Assembly: Snakemake¶
As mentioned on the Running Workflows page, the Snakemake workflows define build rules that trigger all of the rules composing a given workflow.
As a reminder, the Running Workflows page showed how to call Snakemake and ask for a particular target:
snakemake [FLAGS] <target>
You can replace <target>
with any of the build rules below.
Build Rules¶
The build rules are the rules that the end user should be calling. A list of available build rules in the assembly workflow is given below.
assembly_workflow_metaspades Build rule: trigger the metaspades assembly step. assembly_workflow_megahit Build rule: trigger the megahit assembly step. assembly_workflow_all Build rule: trigger the assembly step with all assemblers.
Pass the name of the build rule directly to Snakemake on the command line:
snakemake [FLAGS] assembly_workflow_all
See below for how to configure these workflows. See the Quick Start for details on the process of running this workflow.

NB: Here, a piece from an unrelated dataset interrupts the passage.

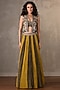 Yellow & Mehendi Green Organza Tissue Crush Panelled Lehenga Set

Snakemake Configuration Dictionary¶
There are three types of key-value pairs that can be set in the Snakemake configuration dictionary (also see the Workflow Configuration page).
Data Files Configuration¶
Set the files
key to a dictionary containing
a list of key-value pairs, where the keys are
filenames and values are URLs:
{ "files" : { "SRR606249_1_reads.fq.gz" : "files.osf.io/v1/resources/dm938/providers/osfstorage/59f0f9156c613b026430dbc7", "SRR606249_2_reads.fq.gz" : "files.osf.io/v1/resources/dm938/providers/osfstorage/59f0fc7fb83f69026076be47", "SRR606249_subset10_1_reads.fq.gz" : "files.osf.io/v1/resources/dm938/providers/osfstorage/59f10134b83f69026377611b", "SRR606249_subset10_2_reads.fq.gz" : "files.osf.io/v1/resources/dm938/providers/osfstorage/59f101f26c613b026330e53a", "SRR606249_subset25_1_reads.fq.gz" : "files.osf.io/v1/resources/dm938/providers/osfstorage/59f1039a594d900263120c38", "SRR606249_subset25_2_reads.fq.gz" : "files.osf.io/v1/resources/dm938/providers/osfstorage/59f104ed594d90026411f486", "SRR606249_subset50_1_reads.fq.gz" : "files.osf.io/v1/resources/dm938/providers/osfstorage/59f1082d6c613b026430e5cf", "SRR606249_subset50_2_reads.fq.gz" : "files.osf.io/v1/resources/dm938/providers/osfstorage/59f10ac6594d900262123e77", } }
Put these in a JSON file (e.g., config/custom_datafiles.json
in the workflows
directory) and pass the name of the config file
to Snakemake using the --configfile
flag:
snakemake --configfile=config/custom_datafiles.json [FLAGS] <target>
Workflow Configuration¶
Set the workflows
key of the Snakemake configuration dictionary to a
dictionary containing details about the workflow you want to run. The workflow
configuration values are values that will end up in the final output file's
filename.
Here is the structure of the configuration dictionary for assembly workflows:
{ "workflows" : { "assembly_workflow_metaspades" : { "sample" : ["SRR606249_subset10","SRR606249_subset25"], "qual" : ["2","30"], }, "assembly_workflow_megahit" : { "sample" : ["SRR606249_subset10","SRR606249_subset25"], "qual" : ["2","30"], }, "assembly_workflow_all" : { "sample" : ["SRR606249_subset10","SRR606249_subset25"], "qual" : ["2","30"], }, } }
The sample
and qual
keys are used by Snakemake to generate a list of
input files required for the rule, and to generate the name of the output
file from the workflow. These should be lists of strings. sample
should
match the read files listed in the files
section, while qual
should be
the quality trimming value to use.
Put these in a JSON file (e.g., config/custom_workflowconfig.json
in the workflows
directory) and pass the name of the config file
to Snakemake using the --configfile
flag:
snakemake --configfile=config/custom_workflowconfig.json [FLAGS] <target>
Workflow Parameters¶
Set the assembly
key of the Snakemake configuration dictionary
as shown below:
{ "assembly" : { "assembly_patterns" : { "metaspades_pattern" : "{sample}.trim{qual}_metaspades.contigs.fa", "megahit_pattern" : "{sample}.trim{qual}_megahit.contigs.fa", "assembly_pattern" : "{sample}.trim{qual}_{assembler}.contigs.fa", "quast_pattern" : "{sample}.trim{qual}_{assembler}_quast/report.html", "multiqc_pattern" : "{sample}.trim{qual}_{assembler}_multiqc/report.html", } } }
To use custom values for these parameters, put the configuration dictionary
above (or any subset of it) into a JSON file (e.g.,
config/custom_workflowparams.json
in the workflows
directory) and pass the
name of the config file to Snakemake using the --configfile
flag:
snakemake --configfile=config/custom_workflowparams.json [FLAGS] <target>